Based on the overvalued valuation multiples, unfavourable technical stance, and macroeconomic uncertainty, we have given an “EXPENSIVE” stance on Horizon Therapeutics PLC at the closing price of USD 105.00 (as on 10 August 2021), while we look forward to reviewing if the Company would be able to sustain the growth and meet its FY21 guidance.

Generac Holdings Inc

Generac Holdings Inc (NYSE: GNRC) designs and manufactures power products and energy technology solutions. Its products are available globally through retailers, distributors, eCommerce partners, and independent dealers.

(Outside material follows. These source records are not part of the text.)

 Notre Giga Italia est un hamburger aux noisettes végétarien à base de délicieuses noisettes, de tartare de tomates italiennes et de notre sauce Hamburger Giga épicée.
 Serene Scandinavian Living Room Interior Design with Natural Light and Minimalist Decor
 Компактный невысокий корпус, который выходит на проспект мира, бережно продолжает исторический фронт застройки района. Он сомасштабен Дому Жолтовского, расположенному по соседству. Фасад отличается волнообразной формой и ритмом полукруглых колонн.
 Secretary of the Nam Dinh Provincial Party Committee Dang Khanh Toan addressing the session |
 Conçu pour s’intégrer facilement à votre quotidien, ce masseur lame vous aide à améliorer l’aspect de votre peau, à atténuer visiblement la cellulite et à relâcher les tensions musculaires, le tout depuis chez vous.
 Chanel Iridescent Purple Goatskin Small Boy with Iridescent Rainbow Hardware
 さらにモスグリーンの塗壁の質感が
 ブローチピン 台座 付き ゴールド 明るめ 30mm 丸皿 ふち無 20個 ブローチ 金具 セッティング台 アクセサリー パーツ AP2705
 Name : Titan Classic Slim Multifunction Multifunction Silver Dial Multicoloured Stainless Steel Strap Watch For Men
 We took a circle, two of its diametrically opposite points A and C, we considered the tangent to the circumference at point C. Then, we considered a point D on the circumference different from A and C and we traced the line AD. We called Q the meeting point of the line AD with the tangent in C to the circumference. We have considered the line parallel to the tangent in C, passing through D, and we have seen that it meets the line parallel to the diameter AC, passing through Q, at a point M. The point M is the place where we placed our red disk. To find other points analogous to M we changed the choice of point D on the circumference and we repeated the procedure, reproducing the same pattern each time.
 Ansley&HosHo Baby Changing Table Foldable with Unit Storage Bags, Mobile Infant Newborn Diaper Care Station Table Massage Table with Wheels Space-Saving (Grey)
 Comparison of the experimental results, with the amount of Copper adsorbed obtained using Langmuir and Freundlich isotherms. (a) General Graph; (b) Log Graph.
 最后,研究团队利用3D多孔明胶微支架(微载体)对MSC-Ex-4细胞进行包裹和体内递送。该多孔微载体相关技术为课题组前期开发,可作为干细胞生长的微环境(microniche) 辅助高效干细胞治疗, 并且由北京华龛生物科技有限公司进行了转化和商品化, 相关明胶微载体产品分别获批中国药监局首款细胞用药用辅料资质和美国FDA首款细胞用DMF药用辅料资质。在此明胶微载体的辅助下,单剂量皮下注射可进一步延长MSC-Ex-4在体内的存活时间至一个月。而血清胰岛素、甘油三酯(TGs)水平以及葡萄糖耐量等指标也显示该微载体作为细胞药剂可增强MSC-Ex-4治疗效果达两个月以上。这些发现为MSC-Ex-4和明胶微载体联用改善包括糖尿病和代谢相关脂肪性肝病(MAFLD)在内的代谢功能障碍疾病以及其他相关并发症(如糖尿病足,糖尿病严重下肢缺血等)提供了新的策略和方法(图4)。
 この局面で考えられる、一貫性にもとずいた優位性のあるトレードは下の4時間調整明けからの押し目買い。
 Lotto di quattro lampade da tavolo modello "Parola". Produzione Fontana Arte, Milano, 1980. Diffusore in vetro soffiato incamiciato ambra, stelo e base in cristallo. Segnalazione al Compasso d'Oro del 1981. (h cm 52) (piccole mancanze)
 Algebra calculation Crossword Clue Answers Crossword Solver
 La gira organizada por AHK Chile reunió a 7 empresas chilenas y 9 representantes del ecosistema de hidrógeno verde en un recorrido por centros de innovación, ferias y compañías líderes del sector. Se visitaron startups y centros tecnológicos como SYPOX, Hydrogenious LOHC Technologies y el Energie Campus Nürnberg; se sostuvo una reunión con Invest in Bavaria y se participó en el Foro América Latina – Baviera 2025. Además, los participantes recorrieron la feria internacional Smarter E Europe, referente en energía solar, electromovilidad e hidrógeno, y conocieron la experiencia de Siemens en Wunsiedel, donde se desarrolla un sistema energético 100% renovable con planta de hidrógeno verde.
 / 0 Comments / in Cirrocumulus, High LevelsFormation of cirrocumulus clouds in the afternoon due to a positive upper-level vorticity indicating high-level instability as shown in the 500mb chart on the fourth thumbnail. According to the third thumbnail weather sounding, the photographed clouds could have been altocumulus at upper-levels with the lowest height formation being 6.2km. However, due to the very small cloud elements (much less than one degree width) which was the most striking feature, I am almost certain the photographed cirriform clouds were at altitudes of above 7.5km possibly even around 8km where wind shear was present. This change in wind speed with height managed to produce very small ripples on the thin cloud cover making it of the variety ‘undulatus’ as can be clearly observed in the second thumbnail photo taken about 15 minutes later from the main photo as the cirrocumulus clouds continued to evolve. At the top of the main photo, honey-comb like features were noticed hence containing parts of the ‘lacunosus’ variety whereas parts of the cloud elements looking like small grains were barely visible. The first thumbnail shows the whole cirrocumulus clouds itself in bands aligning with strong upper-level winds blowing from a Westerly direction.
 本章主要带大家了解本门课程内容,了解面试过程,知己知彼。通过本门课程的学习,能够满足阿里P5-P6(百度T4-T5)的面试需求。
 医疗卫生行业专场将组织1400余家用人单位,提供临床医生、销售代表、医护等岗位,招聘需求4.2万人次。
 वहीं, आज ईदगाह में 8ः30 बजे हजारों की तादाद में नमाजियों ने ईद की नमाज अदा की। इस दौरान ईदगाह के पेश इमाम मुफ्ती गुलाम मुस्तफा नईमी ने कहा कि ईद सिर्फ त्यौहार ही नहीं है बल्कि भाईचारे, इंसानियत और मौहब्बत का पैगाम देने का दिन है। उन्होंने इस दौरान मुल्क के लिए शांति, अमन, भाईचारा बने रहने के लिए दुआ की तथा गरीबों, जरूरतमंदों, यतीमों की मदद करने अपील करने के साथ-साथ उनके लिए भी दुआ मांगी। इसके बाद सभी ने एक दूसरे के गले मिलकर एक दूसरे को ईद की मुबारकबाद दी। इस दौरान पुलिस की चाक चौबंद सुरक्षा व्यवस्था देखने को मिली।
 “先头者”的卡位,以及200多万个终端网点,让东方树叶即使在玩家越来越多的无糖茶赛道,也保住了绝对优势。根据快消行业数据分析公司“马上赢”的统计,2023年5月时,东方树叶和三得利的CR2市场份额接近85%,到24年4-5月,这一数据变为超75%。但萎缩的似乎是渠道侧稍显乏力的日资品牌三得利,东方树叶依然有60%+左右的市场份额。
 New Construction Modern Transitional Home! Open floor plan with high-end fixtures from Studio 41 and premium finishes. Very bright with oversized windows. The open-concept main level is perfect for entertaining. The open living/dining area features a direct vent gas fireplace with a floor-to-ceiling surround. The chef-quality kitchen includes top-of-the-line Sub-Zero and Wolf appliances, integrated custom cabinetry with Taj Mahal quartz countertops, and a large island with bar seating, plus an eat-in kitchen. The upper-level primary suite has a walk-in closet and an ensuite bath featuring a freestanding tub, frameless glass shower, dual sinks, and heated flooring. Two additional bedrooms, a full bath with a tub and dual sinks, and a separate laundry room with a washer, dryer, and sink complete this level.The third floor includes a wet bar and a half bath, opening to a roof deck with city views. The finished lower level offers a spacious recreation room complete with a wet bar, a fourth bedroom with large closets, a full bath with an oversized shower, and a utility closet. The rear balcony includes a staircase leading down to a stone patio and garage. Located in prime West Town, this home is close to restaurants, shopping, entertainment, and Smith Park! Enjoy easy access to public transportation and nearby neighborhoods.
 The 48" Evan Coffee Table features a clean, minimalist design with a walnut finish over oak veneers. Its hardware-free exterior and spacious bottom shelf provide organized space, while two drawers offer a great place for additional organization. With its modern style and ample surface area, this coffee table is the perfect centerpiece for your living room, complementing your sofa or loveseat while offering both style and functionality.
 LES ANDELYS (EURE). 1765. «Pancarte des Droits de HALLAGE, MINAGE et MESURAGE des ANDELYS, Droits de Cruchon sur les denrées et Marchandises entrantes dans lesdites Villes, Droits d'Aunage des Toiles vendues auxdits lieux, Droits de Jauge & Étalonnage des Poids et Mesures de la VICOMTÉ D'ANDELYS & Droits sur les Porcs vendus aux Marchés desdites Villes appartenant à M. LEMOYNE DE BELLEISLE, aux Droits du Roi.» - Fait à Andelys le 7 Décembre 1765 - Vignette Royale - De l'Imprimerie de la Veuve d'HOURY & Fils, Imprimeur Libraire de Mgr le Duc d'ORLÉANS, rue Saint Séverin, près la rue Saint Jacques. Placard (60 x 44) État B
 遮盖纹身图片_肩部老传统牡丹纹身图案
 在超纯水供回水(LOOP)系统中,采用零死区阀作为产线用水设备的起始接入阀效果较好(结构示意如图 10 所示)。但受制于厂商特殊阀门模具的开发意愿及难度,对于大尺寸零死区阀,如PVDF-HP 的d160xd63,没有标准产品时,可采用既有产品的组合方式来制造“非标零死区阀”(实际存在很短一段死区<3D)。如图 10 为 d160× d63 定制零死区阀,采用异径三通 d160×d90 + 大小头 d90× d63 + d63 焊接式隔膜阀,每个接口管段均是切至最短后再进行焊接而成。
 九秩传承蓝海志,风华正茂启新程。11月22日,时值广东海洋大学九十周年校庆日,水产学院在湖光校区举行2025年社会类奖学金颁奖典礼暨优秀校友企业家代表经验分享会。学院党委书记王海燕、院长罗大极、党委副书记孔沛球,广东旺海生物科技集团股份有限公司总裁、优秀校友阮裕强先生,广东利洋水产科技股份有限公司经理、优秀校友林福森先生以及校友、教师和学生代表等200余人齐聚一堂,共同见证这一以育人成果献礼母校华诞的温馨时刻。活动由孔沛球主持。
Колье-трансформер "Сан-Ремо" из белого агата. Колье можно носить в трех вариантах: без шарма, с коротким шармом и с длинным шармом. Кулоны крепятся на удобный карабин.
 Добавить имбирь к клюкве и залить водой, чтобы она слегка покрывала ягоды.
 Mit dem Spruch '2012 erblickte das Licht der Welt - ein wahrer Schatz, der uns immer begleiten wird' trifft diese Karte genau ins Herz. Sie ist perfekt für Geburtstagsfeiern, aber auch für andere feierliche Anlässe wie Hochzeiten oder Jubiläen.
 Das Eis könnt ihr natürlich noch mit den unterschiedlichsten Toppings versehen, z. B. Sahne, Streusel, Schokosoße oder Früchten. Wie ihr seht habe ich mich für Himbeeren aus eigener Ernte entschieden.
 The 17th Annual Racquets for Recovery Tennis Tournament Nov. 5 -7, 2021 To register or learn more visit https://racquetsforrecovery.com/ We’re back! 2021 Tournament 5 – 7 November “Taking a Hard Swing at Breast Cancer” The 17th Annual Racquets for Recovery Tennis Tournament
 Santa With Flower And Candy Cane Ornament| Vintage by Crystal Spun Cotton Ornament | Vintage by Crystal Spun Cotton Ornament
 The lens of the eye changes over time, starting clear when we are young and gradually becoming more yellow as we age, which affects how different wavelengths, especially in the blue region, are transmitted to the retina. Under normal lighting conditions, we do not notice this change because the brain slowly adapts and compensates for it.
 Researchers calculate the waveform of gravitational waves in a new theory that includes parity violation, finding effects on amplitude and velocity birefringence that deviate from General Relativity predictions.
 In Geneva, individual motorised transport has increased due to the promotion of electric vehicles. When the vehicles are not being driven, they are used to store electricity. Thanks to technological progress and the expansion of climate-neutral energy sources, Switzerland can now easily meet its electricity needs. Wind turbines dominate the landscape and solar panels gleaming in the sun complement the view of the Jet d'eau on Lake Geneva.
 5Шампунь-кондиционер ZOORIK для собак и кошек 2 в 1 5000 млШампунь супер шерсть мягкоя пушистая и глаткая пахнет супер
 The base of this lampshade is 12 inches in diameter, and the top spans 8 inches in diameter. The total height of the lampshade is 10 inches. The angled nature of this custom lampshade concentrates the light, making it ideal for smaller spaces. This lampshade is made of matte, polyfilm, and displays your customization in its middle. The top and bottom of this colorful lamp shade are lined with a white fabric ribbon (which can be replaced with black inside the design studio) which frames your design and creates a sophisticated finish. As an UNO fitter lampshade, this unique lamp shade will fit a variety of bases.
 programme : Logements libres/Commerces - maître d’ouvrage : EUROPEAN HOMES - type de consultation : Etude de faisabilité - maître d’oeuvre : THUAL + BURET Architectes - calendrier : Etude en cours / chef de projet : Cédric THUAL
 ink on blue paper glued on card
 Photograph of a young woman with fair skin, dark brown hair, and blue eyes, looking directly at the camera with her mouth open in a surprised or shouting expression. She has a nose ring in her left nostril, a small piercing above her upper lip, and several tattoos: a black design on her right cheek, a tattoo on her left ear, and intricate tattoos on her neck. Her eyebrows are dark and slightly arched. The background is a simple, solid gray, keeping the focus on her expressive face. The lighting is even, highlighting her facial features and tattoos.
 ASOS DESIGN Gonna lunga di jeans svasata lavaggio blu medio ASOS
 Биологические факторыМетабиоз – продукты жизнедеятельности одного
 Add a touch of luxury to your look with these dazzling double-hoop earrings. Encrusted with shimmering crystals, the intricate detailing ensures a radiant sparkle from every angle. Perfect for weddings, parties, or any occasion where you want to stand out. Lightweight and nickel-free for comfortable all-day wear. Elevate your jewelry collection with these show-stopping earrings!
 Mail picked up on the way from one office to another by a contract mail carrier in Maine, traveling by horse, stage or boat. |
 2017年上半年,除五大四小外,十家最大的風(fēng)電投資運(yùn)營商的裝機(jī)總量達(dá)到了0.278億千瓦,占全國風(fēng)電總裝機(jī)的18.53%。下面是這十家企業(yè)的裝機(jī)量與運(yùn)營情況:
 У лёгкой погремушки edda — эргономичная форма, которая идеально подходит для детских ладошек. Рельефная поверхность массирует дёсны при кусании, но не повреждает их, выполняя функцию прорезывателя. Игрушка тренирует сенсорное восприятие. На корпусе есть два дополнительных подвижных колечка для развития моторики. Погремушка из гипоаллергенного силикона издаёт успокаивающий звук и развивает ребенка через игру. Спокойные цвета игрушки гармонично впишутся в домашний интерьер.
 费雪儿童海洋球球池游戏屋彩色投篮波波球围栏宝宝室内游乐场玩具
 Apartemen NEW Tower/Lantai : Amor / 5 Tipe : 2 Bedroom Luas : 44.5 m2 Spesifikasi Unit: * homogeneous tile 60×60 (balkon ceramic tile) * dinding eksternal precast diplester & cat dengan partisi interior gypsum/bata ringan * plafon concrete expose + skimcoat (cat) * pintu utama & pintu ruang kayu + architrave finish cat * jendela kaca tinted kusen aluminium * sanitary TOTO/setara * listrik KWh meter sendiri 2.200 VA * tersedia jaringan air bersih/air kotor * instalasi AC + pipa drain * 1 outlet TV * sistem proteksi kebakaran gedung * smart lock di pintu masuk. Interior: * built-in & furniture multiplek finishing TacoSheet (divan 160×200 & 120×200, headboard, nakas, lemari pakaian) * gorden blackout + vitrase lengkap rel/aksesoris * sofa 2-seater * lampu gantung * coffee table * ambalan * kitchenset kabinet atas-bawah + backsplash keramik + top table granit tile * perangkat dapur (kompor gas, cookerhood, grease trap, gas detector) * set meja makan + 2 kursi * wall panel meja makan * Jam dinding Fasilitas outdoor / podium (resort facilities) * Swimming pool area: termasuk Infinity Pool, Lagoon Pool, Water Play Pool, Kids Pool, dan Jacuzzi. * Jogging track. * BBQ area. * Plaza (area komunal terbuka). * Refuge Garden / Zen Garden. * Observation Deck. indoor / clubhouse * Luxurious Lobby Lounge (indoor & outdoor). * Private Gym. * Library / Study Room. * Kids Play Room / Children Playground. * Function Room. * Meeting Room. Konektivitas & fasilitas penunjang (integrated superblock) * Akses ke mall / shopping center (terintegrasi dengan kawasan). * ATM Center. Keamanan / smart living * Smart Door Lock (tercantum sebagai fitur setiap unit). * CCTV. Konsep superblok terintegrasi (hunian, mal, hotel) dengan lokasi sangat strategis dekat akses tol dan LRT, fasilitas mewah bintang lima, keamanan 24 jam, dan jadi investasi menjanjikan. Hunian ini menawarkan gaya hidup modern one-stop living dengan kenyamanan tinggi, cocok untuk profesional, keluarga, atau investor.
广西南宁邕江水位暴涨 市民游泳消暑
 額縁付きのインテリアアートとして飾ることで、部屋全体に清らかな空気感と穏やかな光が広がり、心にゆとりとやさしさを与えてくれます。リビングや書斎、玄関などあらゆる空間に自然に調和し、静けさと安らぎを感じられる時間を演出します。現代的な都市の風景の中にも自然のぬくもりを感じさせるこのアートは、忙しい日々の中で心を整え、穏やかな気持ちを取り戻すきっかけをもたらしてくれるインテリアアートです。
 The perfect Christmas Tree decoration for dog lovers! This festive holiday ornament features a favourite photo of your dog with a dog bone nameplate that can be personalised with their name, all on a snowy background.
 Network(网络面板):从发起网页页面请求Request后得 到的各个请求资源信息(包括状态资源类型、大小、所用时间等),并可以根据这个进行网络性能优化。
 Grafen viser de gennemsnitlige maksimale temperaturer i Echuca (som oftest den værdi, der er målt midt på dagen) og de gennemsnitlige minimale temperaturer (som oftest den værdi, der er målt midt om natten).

Investment Highlights – EXPENSIVE at USD 419.09

  • On 28 July 2021, Generac reported Q2 FY21 results and unveiled
    • A 68% year-on-year increase in net sales.
    • Subsequently, net income attributable to the Company stood at US$127 million, compared to $66 million in Q2 FY20.
  • On 3 August 2021, Generac announced further expansion in Waukesha County with the purchase of a 75,000 square-foot office building.
  • Due to rising commodities and significantly higher logistics costs, the Company might fail to achieve its anticipated growth trajectory.
  • From a technical standpoint, the MACD line is giving a negative crossover against the signal line, reflecting a bearish price momentum.
  • On a forward 12-month basis – EV/Sales, EV/EBITDA, Price/Earnings, Price/Cash Flow, and Price/Book valuation multiples, are overvalued against the Industrials industry.

Share Price Chart

 (Data Source: REFINITIV, Analysis done by Kalkine Group)

Conclusion

Based on the overvalued valuation multiples, unfavourable technical stance, and macroeconomic uncertainty, we have given an “EXPENSIVE” stance on Generac Holdings Inc at the closing price of USD 419.09 (as on 10 August 2021), while we look forward to reviewing how the Company will deal with higher input costs.    

*The reference data in this report has been partly sourced from REFINITIV.